Columbia Engineering researchers have taken another step toward shrinking quantum hardware.

The team has created an ultrathin metasurface device that boosts nonlinear optical effects at the nanoscale.

The advance builds on work published earlier this year, when the group showed that a crystalline device just 3.4 micrometers thick could generate entangled photon pairs.

The new study shows how the team cut that scale down to only 160 nanometers.

They achieved this by introducing metasurfaces. These structures rely on artificial patterns etched into ultrathin crystals to unlock optical behaviors not found in nature.

Corresponding author Chiara Trovatello said the group found a reliable approach to engineer these materials.

“We’ve established a successful recipe to pattern ultrathin crystals at the nanoscale to enhance nonlinearity while maintaining their sub-wavelength-thickness,” she said. Trovatello is now an assistant professor at Politecnico di Milano.

The Schuck lab works with transition metal dichalcogenides. These crystals can be peeled into layers only atoms thick.

Researchers stack them to create optical properties suited for quantum systems. But the layers remained too thin to generate photons efficiently. That limited the material’s usefulness.

Trovatello said quantum hardware demands compact components. She noted that current qubit sources occupy several centimeters and require large equipment rooms.

“To make quantum technologies scalable, we need to shrink the size of our qubit sources,” she said.
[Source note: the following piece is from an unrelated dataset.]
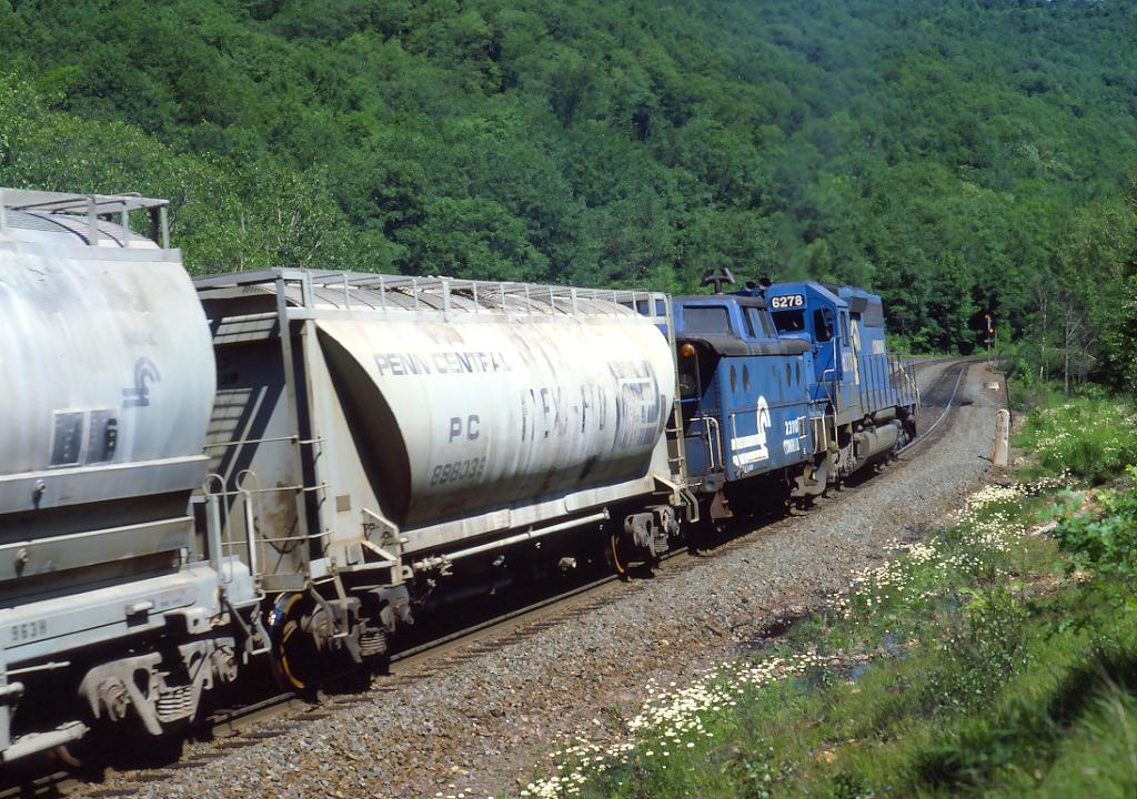 SD40 6278 shoving away on caboose 23110, an N5C, at the rear of NHSE past MP 129 in Becket, MA. on July 1, 1982.

Earlier this year, the group used periodic poling to generate photons by arranging layers of molybdenum disulfide in alternating directions. That alignment ensured proper phase matching.

The new work takes a different route. PhD student Zhi Hao Peng etched repeating nanoscale lines into a molybdenum disulfide flake. The pattern created strong nonlinear effects beyond what traditional tuning could achieve.

“Our design enhances the nonlinear effects much more than traditional linear optical optimization techniques, and therefore achieves strong enhancement not previously possible,” Peng said.

The metasurface increased second harmonic generation by nearly 150 times relative to unpatterned samples. In that process, two photons merge into one with double the frequency.

The team now aims to reverse the conversion and split one photon into two entangled photons.

Peng’s method also reduces fabrication complexity. Jim Schuck, the senior investigator, highlighted that benefit.

“Nonlinear crystals have been key to a lot of photonic technologies, but these materials can be brittle and have been notoriously difficult to shape and fabricate,” he said.

He added that Peng created a simple approach that works with standard cleanroom tools.

Toward on-chip quantum systems

Theoretical collaborators helped identify the best pattern for large nonlinear responses. Michele Cortufo said the structure relied on alternating line widths to achieve “nontrivial behavior” in flakes this thin.

Andrea Alu noted that the work shows how engineered nonlocalities in metasurfaces can enable “compact, integrable platforms” for nonlinear optics.

The device operates at telecom wavelengths, which makes future integration easier. Schuck said the footprint points toward fully on-chip quantum photonics.

The study is published in the journal Nature Photonics.